I only itch when I'm visibly pooling blood - e.g. after a shower. But the itching then is super-fierce, and the only thing that removes it is sitting down and raising my legs. I do have probable SFN (based on QSART, not biopsy), but I tend to have more numbness in my feet rather than itching.

Are you referring to Julian Stewart's 2012 paper ("Mechanisms of Sympathetic Regulation in Orthostatic Intolerance")? I found that paper quite useful, particularly the data on how TTT responses are different in folks with POTS and folks with NMH/NCS that isn't an end consequence of POTS. His theory on cerebral blood flow being largely independent of the sympathetic nervous system does help explain why, despite treatment with clonidine, my spaciness has not improved, while pretty much everything else - including classical SNS effects like sweating and overheating, and also fatigue that I ascribe to SNS overactivity - have mostly stopped happening to me, quite dramatically. Granted, I don't *know* that spaciness is due to cerebral blood flow issues (some parts of it, like always looking over my shoulder, becoming overstimulated, or starting more with sudden input, have also calmed somewhat with the clonidine - that hypervigilance-type behavior does go hand in hand with the SNS), but it does fit nicely into my personal mental model of how my POTS works. To clarify, also, clonidine has helped somewhat with my seated/lying down cognitive impairment - I can now read papers for work! - but not with standing cognitive impairment; I still get flustered when I'm standing up. I'm wondering if perhaps it's helping indirectly via removing fatigue and distraction (if SNS overactivity is reduced, perhaps I am able to pay more attention to things/concentrate better when my brain already has enough blood due to sitting, whereas in the past I had enough blood, but had too much SNS activity and so couldn't focus), if it isn't having direct effects on cerebral blood flow? Who knows; no easy way to measure it without TCD, which seems to be not in general use anywhere, and certainly not for personal experiments like this! I do get cognitive impairment with clonidine at other times when seated/lying down, but it does correlate nicely with clonidine-induced low blood pressure - it makes good sense that one would have cognitive impairment when overall blood pressure is low. Would you be willing to explain more about the parasympathetic innervation of pia matter idea? I haven't heard anything about it and am curious!
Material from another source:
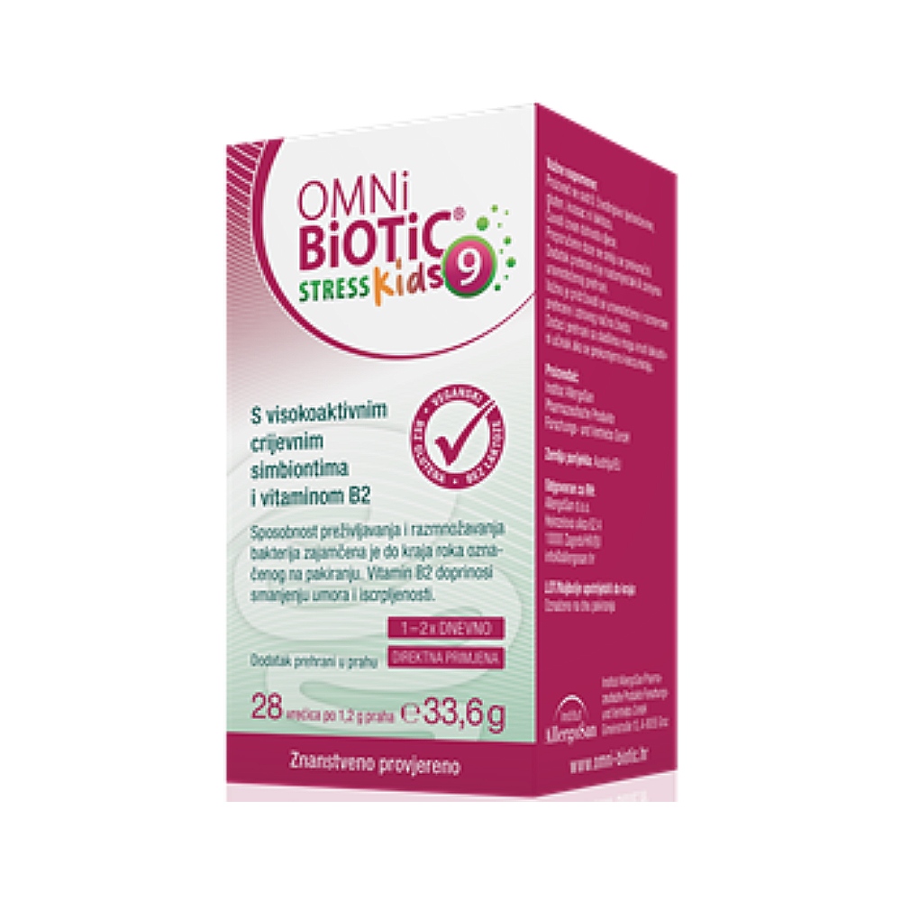 OMNi-BiOTiC® STRESS Kids je dodatak prehrani posebno razvijen za djecu od 3. godine nadalje koji sadrži bakterijske sojeve i vitamin B2.

I don't know about the specific value of change in HR, but it doesn't surprise me. Like you said, swallowing increases HR. Drinking through a straw you're tensing a lot of the muscles in your neck and upper chest to create suction, and I could easily see that increasing HR for a short period. Our bodies also have small HR changes with breathing - your HR goes up when you inhale, down when you exhale (respiratory sinus arrhythmia - the name sounds terrible but that's how the body normally works). Does it happen without a straw if you are able to drink without one?

"That's a diagnosis called Münchausen syndrome and I don't have it." [i'm not sure you would be comfortable saying this to your friend, but what he describes is an actual psychiatric diagnosis that most folks with POTS don't have.]